Im ESM-Gouverneursrat sind die Euro-Finanzminister vertreten, Vorsitzender ist Eurogruppenchef Jeroen Dijsselbloem. Die Eurogruppe hatte dem neuen Hilfsprogramm bereits am Donnerstag im Grundsatz zugestimmt.
Die Verhandlungen dürften nach früheren Angaben Dijsselbloems etwa vier Wochen dauern, EU-Vizekommissionschef Valdis Dombrovskis sprach am Freitag von «mehreren Wochen».
Das dritte Hilfspaket soll nach bisherigen Planungen bis zu 86 Milliarden Euro für drei Jahre umfassen. Im Gegenzug muss Athen harte Spar- und Reformauflagen erfüllen. Das Land ist mit 313 Milliarden verschuldet und steht kurz vor der Pleite.

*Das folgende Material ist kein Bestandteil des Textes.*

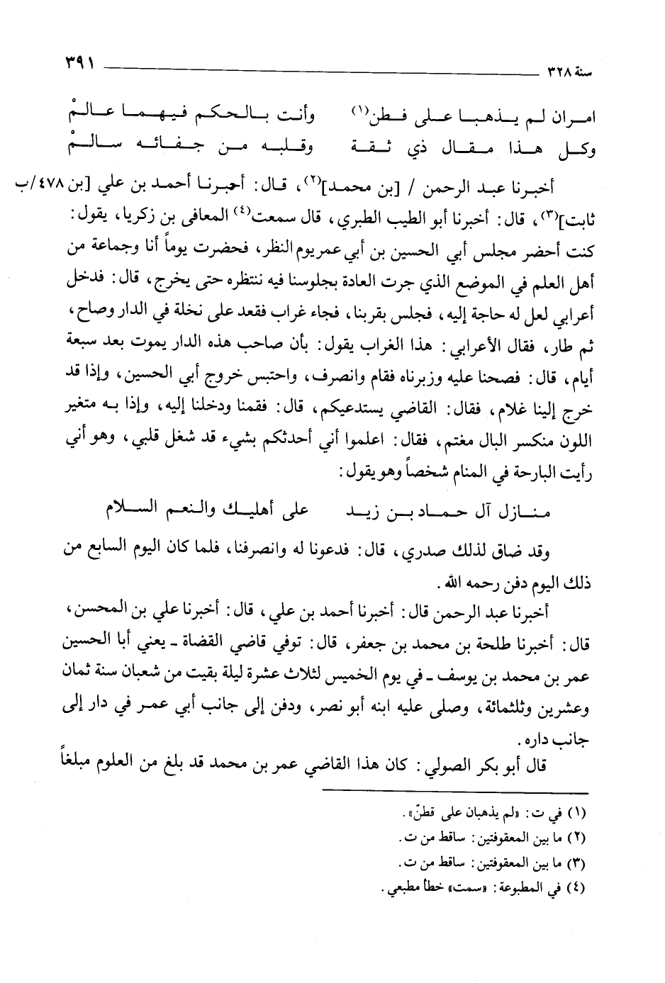 أخبرنا عبد الرحمن قال: أخبرنا أحمد بن عَلي، قَالَ: أَخْبَرَنَا عَلِيّ بْن المحسن، قَالَ: أَخْبَرَنَا طلحة بن محمد بن جعفر، قال: توفي قاضي القضاة- يعني أبا الحسين عمر بْن مُحَمَّد بْن يُوسُف- في يوم الخميس لثلاث عشرة ليلة بقيت من شعبان سنة ثمان وعشرين وثلاثمائة، وصلى عليه ابنه أَبُو نصر، ودفن إلى جانب أبي عمر في دار إلى جانب داره.

Der Grossteil des neuen Finanzpakets soll aus dem Euro-Rettungsfonds ESM kommen, ein weiterer Anteil vom Internationalen Währungsfonds (IWF).
Die rettende Brücke
Damit Griechenland nicht schon vorher in die Pleite rutscht, bekommt es einen Notkredit von rund sieben Milliarden Euro. Diese Brückenfinanzierung soll helfen, am Montag Schulden an die Europäische Zentralbank (EZB) zurückzuzahlen.
3,5 Milliarden Euro werden dann fällig. Das Geld für den Überbrückungskredit stammt aus dem EU-Rettungstopf EFSM, der allen 28 EU-Staaten gehört.
Hürde Deutschland
Eine Hürde für den Beginn von Verhandlungen mit Athen war die Zustimmung des deutschen Bundestages. In der Sondersitzung des Parlaments stimmten 439 Abgeordnete für neue Gespräche, 119 votierten dagegen und 40 enthielten sich.

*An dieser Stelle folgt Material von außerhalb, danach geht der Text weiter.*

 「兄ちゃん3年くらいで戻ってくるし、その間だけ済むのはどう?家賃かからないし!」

Unter den Gegnern waren auch überraschend viele Parlamentarier der Union: 60 verweigerten Kanzlerin Angela Merkel und Finanzminister Wolfgang Schäuble die Gefolgschaft, fünf enthielten sich.

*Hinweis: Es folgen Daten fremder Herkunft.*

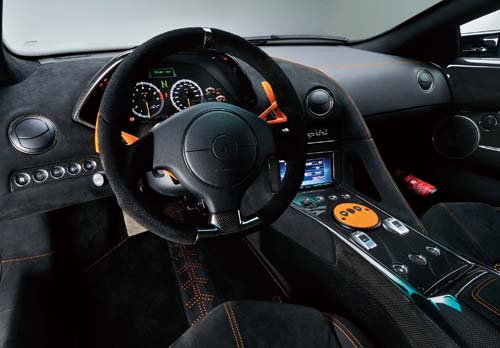 | 以大量麂皮與碳纖維材質所鋪陳的內裝加入了橘色車縫線、換檔撥片與換檔飾板的點綴,提高了中國限量版的獨特性 |

Auch Österreichs Parlament stimmte am Freitagmittag der Aufnahme von Verhandlungen mit Griechenland zu. Wenn ein drittes Hilfspaket in einigen Wochen ausgehandelt ist, müssen viele Parlamente der Euro-Staaten noch einmal über die Vereinbarungen abstimmen.
Banken ab Montag wieder offen
Am Montag könnten in Griechenland die geschlossenen Banken wieder öffnen, wie Vize-Finanzminister Dimitris Mardas im Fernsehen sagte. Die meisten Kapitalverkehrskontrollen bleiben allerdings in Kraft. Momentan können die Griechen pro Tag höchstens 60 Euro abheben. Überweisungen ins Ausland sind nur mit Genehmigung möglich.